Ah, WebObjects. This set of software frameworks was used to build enterprise-level websites, the iTunes Store being a notable example. 4.5 was the first version to "only" cost $699 instead of the $50,000 that NeXT used to charge. And the last version to use Objective-C... it all got rewritten in Java for the 5.0 release, beginning a slow decline until it was officially discontinued in 2016.

@_the_cloud

We still use WO (but are slowly migrating to our own modern Swift-based framework). We have about 1.5M lines of WO code. It is rock solid (still).

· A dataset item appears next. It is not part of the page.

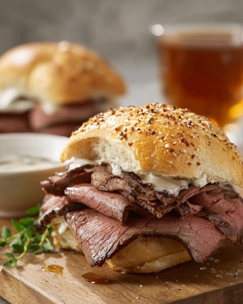 Classic Beef on Weck Sandwich (Tender Roast Beef with Kummelweck Rolls & Au Jus)

Here one of the WO docs in PDF: https://developer.apple.com/library/archive/documentation/LegacyTechnologies/WebObjects/WebObjects_5/DeployingWebObjects/DeployingWOApps.pdf

@tuparev @_the_cloud My absolute favorite of Apple docs is this one:
https://leopard-adc.pepas.com/documentation/WebObjects/DesktopApplications/WODesktopApps.pdf

291 pages finest documentation of mostly forgotten tech.

@lazarus @_the_cloud

I prefer the Objective-C version 😂

@tuparev @_the_cloud Of WebObjects or of desktop apps?
@tuparev @_the_cloud Well, I love Objective-C and its apps, but it has always been bound tightly to the Apple ecosystem. The Java version is Apple tech (including most Cocoa patterns), but implemented with cross platform ability. Cocoa-like apps running on my Linux machine. I just love it. 😉
Plus: Objective-C WO apps were two tier apps accessing the database directly. Java WO apps are three tier, using the application server and having a nice controller system to create layouts.

@lazarus @_the_cloud

In reality, very few production systems were deployed on non-Apple hardware/software. I was training many teams around the world, and 90%+ used some form of OpenStep. Java was more a marketing move.

BTW, after EOF 3.1 the Obj-C version were 3-tier too.

@tuparev @_the_cloud Uh, interesting. But yes, makes sense, Apple wasn't sure about the success of ObjC.
Ok, never read about Cocoa three-tier apps in the docs though. That always applied to Java clients only.